If the response comes back with an empty recommendations array, the model has nothing to rank for that user and site.

  • Check content ingestion first. Query your CMS integration or webhook logs to confirm POST /collector/v1/content calls are succeeding. A model with no catalog cannot return anything.
  • Confirm site_id matches. The site_id on the recommendations request must exactly match the site_id used during content ingestion. A typo silently partitions your catalog into an empty sub-model.
  • Check for over-aggressive deletes. If your CMS sends action: "delete" for items that are still live, the model excludes them from results. Audit your unpublish / delete pipeline.

Recommendations look low-relevance or generic

If the API returns results but they feel random or generic, the model likely doesn’t have enough behavioral signal yet.
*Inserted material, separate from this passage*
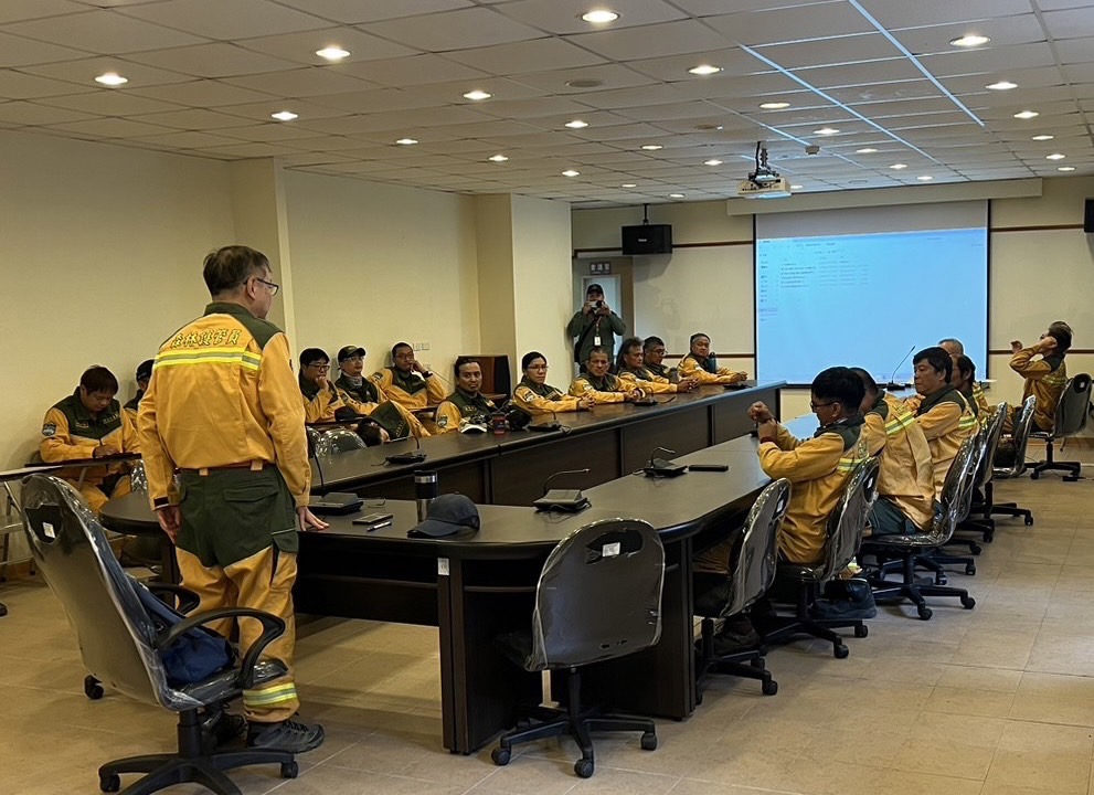 梨山地區位屬中高海拔,森林火災搶救方式與平地不同且難度甚高,火災發生地點通常人力難以到達且缺乏水源,因此特別安排此次實境模擬聯合演練及兵棋推演,分組觀察、分析現場地形與林相,研擬防火線開闢相關實務,以及MIST最小影響滅火戰術執行探討;除此之外,為使救火人員適應高山環境,在中高海拔環境下仍能發揮體能優勢,今年特別規劃在海拔1800公尺的武陵地區完成3,000公尺跑步體能測驗,提升山域適應能力,加強救援能量。
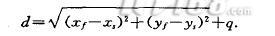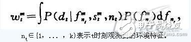 t 时刻机器人到某一路标的距离d是路标坐标f i ( x f i ,y f i )与机器人位置坐标st ( x s ,ys )的函数,f i ( x f i ,y f i )表示第i个路标的实际位置。模型中的噪声用q表示。观测模型可以表示为:

  • Check event volume. The model improves with more interactions. If you’re only sending page_view events — or only sending them for a small fraction of your traffic — personalization quality will be weak. Add richer event types (click, article_save, deepest_scroll, engaged_read) where appropriate.
  • Verify user_id consistency. If the same person shows up under different user_id values across sessions, the model can’t accumulate history on them. Confirm your anonymization scheme produces stable IDs per user.
  • Check content metadata quality. Missing categories, tags, or author values reduce what the model can reason about, especially for new content that has no engagement signal yet.

New user or new content looks “cold”

Cold-start is expected behavior, not a bug.

  • New or anonymous users receive popularity-based recommendations until they accumulate interaction history. As events stream in, results progressively personalize.
  • Newly published content is still eligible immediately — the model uses metadata (categories, tags, recency) to place it in front of relevant audiences even with zero engagement data.
  • If you’re evaluating the API with a brand-new tenant, expect the first wave of results to look generic. Seed the model with historical content and a representative volume of events before drawing conclusions about relevance.